The voltage calculating section 13b receives the input motor current command signals Id ^* and Iq ^* and the characteristics of the motor 11,
That is, the command signals Vd ^* and Vq ^{* of the} voltage applied to each phase of the motor in the dq coordinates based on the winding resistance R, the rotation speed We, the induced voltage constant Ke, and the inductances Ld and Lq of the motor 11, respectively ^. Are calculated by the following equations (1) and (2), respectively.

Vd ^* = R · Id ^* −We · Lq · Iq ^* (1) Vq ^* = R · Iq ^* + (Ke + Ld · Id ^* ) · We (2)

As described above, when the command signals Vd ^* and Vq ^* of the applied voltage in the dq coordinates are calculated based on the equations (1) and (2), the voltage calculator 13b calculates
Based on the applied voltage commands Vd ^* and Vq ^* on the dq coordinates, the voltage command signals Vu, Vv, Vw applied to the U-phase, V-phase, and W-phase windings of the motor 11 are respectively described below. The calculation is performed based on the equations (3), (4), and (5).

Vu = (2/3) ^1/2 · (Vd ^* · cosθ−Vq ^* · sinθ) (3) Vv = (2/3) ^1/2 · ｛Vd ^* · cos (θ−2π / 3) −Vq ^* · sin (θ−2π / 3)｝ (4) Vw = −Vu−Vv (5)

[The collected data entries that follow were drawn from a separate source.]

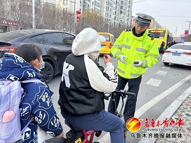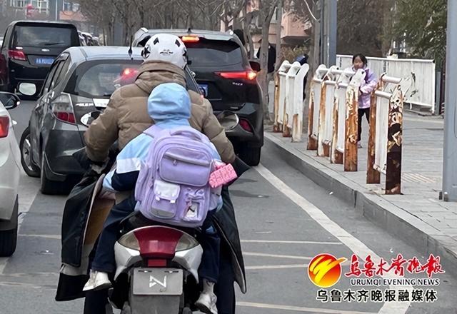 正在该路段执勤的天山区交警大队东环路中队民警马旭询问几名家长,为何违规载人且孩子都没戴头盔时,几名家长都显得有些茫然,几人均表示不知道电动自行车不能载12岁以下孩子,一位妈妈赶紧说,“我女儿12岁了,以后给她买个头盔。”另一位父亲则称“给孩子买了头盔,他说太沉了,戴上不舒服。”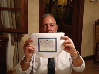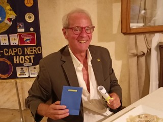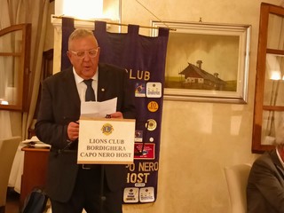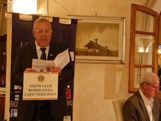 “Il 23 gennaio del 2023, invece, abbiamo donato un contributo di 100,00 euro su un fondo benefico in memoria del PDG Carlo Calenda, destinato alla costruzione di un pozzo in Burkina Faso. Il 4 febbraio del 2023, in coordinamento con gli altri clubs della zona e con la partecipazione di due militi della Croce Azzurra Misericordia di Vallecrosia, abbiamo svolto il service della raccolta alimentare presso il supermercato Conad di Bordighera. La nostra raccolta è stata consegnata alla parrocchia della Immacolata Concezione (Terrasanta) per le persone bisognose e per la mensa dei poveri che viene gestita dalla parrocchia. Il 21 febbraio del 2023, in occasione del meeting ordinario presso il ristorante del Capo di Bordighera, sono stati raccolti tra i soci ben 1000,00 di euro a favore della fondazione LCIF per l’aiuto delle popolazioni colpite dal terremoto in Turchia e Siria. LCIF ci ha ringraziato con una lettera" - sottolinea Berro - “Il 17 marzo 2023, giorno di festa della bandiera e anniversario della Costituzione (quest’anno 75° anniversario), abbiamo partecipato, con una delegazione, alla cerimonia che si è svolta a Vallecrosia sul lungomare, alla presenza delle autorità militari e civili: in questa occasione abbiamo provveduto alla distribuzione di bandiere con il tricolore ai bambini delle scuole che hanno partecipato alla manifestazione. Il 1° aprile 2023 il presidente ha partecipato, con intervento sulle mura di Bordighera, alla conferenza tenutasi a Ventimiglia per celebrare 'il giorno delle mura'. Il 13 aprile 2023 abbiamo piantumato nuovi alberi in accordo con l’assessore all’Istruzione del comune di Bordighera. Abbiamo piantato un albero già ben sviluppato, un bosso, nel giardino delle scuole elementari della frazione di Borghetto, con una attiva partecipazione dei bambini con canti e poesie. Un grazie fortissimo va al corpo insegnante, che ha approfondito il tema con gli scolari e organizzato la bella manifestazione. Il costo del service è stato di 600,00 euro con fondi di cassa. Il 24 maggio 2023, in occasione del 36° anniversario della fondazione del nostro club, charter night, abbiamo proposto una raccolta di aiuti per le persone colpite dalla grave alluvione in Romagna. La generosità dei soci e dei soci fondatori, graditi ospiti, è stata notevole: abbiamo raccolto la somma di 1300,00 euro, che abbiamo versato su un cc speciale gestito dal multi-distretto Italia. Per giugno/luglio del 2023 è in corso l’ultimo service dell’anno lionistico, ovvero la preparazione di una tavola di orientamento, con il nostro logo, da collocare a S. Ampelio sulla porzione alta della rotonda che guarda verso la costa francese. La targa, in acciaio inox lunga 120 cm, è stata autorizzata dal comune sul piano paesaggistico ed è stata incisa: si prevede di installarla a breve con una bella cerimonia ufficiale. Costo totale 2000,00 euro con fondi di bilancio. È proseguita, come tutti gli anni, la raccolta degli occhiali usati, curata dalla segretaria Laura. Infine, con la disponibilità del socio Roberto Ervo, è stato portato avanti il 'progetto Martina', ovvero la prevenzione oncologica portata nelle scuole. Mi fermo qui, ricordando la soddisfazione che ci coglie tutte le volte che serviamo e, da non dimenticare, l’importo complessivo raccolto che ammonta a circa 6500 euro. Faccio gli auguri di buon lavoro al nuovo presidente e al nuovo direttivo e un grandissimo grazie ancora a tutti. We serve”.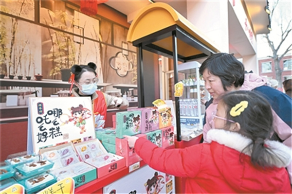 位于天津市河西區陳塘莊的哪吒小鎮舉辦哪吒小鎮文化活動周,圍繞哪吒等傳統文化主題進行劇目演藝、主題互動巡游、花燈夜游等多樣化活動,助推春日夜間文旅經濟發展。圖為游客在天津哪吒小鎮購買糕點產品。 新華社記者 孫凡越 攝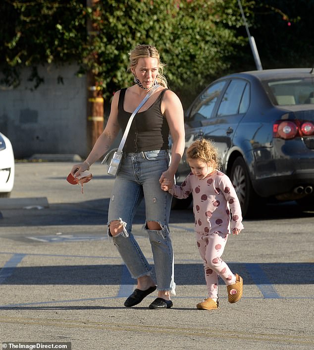 in Music, TV Hilary Duff rocks a tank top and jeans while visiting a book store with daughter Banks in LA

When the voltage command signals Vu, Vv, and Vw applied to the U, V, and W phases of the motor 11 are calculated in the voltage calculator 13b, the voltage commands Vu are calculated. , Vv, Vw are output to the three-phase inverter 12, respectively. Then, the three-phase inverter 12 as a power converter sends a winding current corresponding to each of the voltages Vu, Vv, Vw to the motor 11 based on a control signal corresponding to each of the voltage command signals Vu, Vv, Vw.
Are output to the U, V, and W phases, respectively. As a result, the predetermined voltages Vu, Vv, Vw are applied to the respective windings of the motor 11, and the motor 11 is rotated so as to have a predetermined torque corresponding to the torque command signal. .

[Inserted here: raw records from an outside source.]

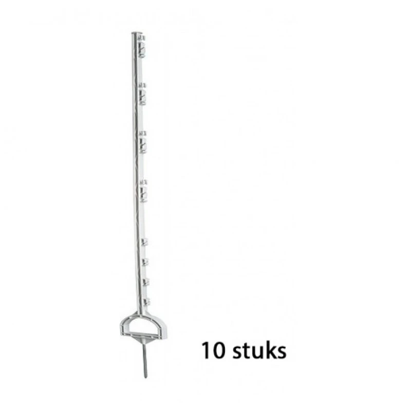 Met de 11 genummerde draadhouders is de stijgbeugelpaal voor bijna alle diersoorten te gebruiken. De stijgbeugelpaal is geschikt voor cord, kunststofdraad en lint tot 20 mm. De maximale afrasteringshoogte is 1,35 meter.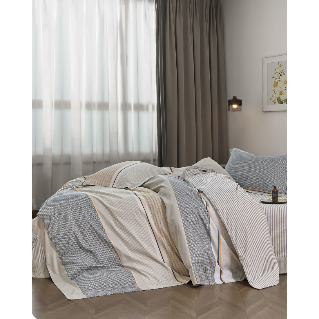 Ένα υπέρκομψο σετ υπέρδιπλων σεντονιών σε γήινες αποχρώσεις με ριγέ μοτίβο. Είναι κατασκευασμένα από 100% βαμβακοσατέν 230 κλωστών με νήματα πενιέ. που τα καθιστά εξαιρετικά μαλακά για να σας χαρίσουν τον τέλειο ύπνο. αλλά και ανθεκτικά και εύκολα στο σιδέρωμα. Η ποιότητα και το μοναδικό τους σχέδιο τους θα δώσουν στην κρεβατοκάμαρά σας ένα ξεχωριστό στυλ. Στο σετ περιλαμβάνονται και δύο μαξιλαροθήκες τύπου oxford διπλής όψης. *Το σχέδιο στις μαξιλαροθήκες ενδέχεται να διαφέρει από αυτό της φωτογραφίας. καθώς η εταιρεία παράγει μαξιλαροθήκες από όλο το σχέδιο του υφάσματος και τις συσκευάζει με τυχαία σειρά. ** Συνδυάστε τα με τα υπόλοιπα είδη του ιδίου σετ για ένα ολοκληρωμένο αποτέλεσμα. ΦΡΟΝΤΙΔΑ/ ΟΔΗΓΙΕΣ ΠΛΥΣΗΣ Πλύσιμο σε μέγιστη θερμοκρασία νερού 40C. Απαγορεύεται η χρήση λευκαντικών ουσιών ή χλωρίνης.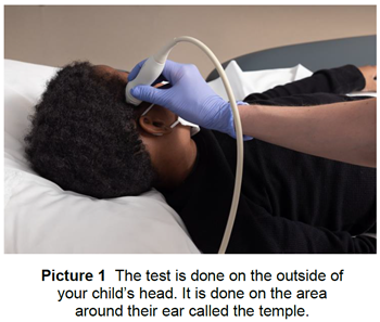 - They will move a small device, called a probe, over the sides of your child’s head and forehead (Picture 2).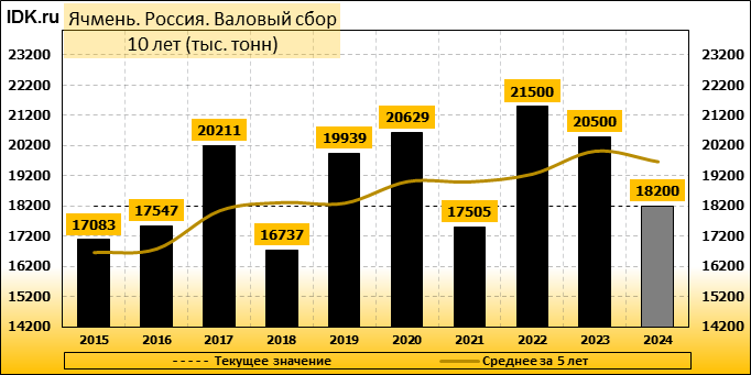 Валовый сбор: оценка пересмотрена в сторону понижения до 18200 тысяч тонн. Показатель упал на -4.21 процента.

As described above, in the motor control system according to the present invention, the torque of the motor 11 can be controlled without detecting the current supplied from the three-phase inverter 12 to the motor 11 by the current sensor or the like. Therefore, the control system of the present invention can reduce the number of parts,
It is economical.

In the case where the current to the motor is detected by a current sensor and the torque of the motor is controlled, if the current sensor fails, the control contents of the control system of the present invention are the same. Thus, the torque control of the motor can be continued without using the current sensor.

In the above-described embodiment, the case of the torque control for controlling the motor to a predetermined torque has been described. A number control can be implemented.

[0021]

According to the motor control system of the present invention, since the motor can be controlled without using the current sensor, there is no need to worry about the failure of the current sensor. Further, also in a motor control system using a current sensor, when the current sensor fails, the motor can be controlled without any trouble. In addition, since the control of the motor can be performed without using a current sensor, the number of parts of the motor control system is reduced, which is economical.

[Brief description of the drawings]

FIG. 1 is a block diagram showing an example of an embodiment of a motor control system according to the present invention.

FIG. 2 is a block diagram illustrating an example of a conventional motor control system.

[Explanation of symbols]

 Reference Signs List 11 motor 12 three-phase inverter 13 controller 13a current command converter 13b voltage calculator

Claims (1)

[Claims] When a control command to a motor is given, a motor current required to execute the control command is calculated, and the motor current is calculated based on the obtained motor current and motor characteristics. Means for calculating the applied voltage in each phase of each of the above, and outputting each of the calculated applied voltages to each of the phases of the motor.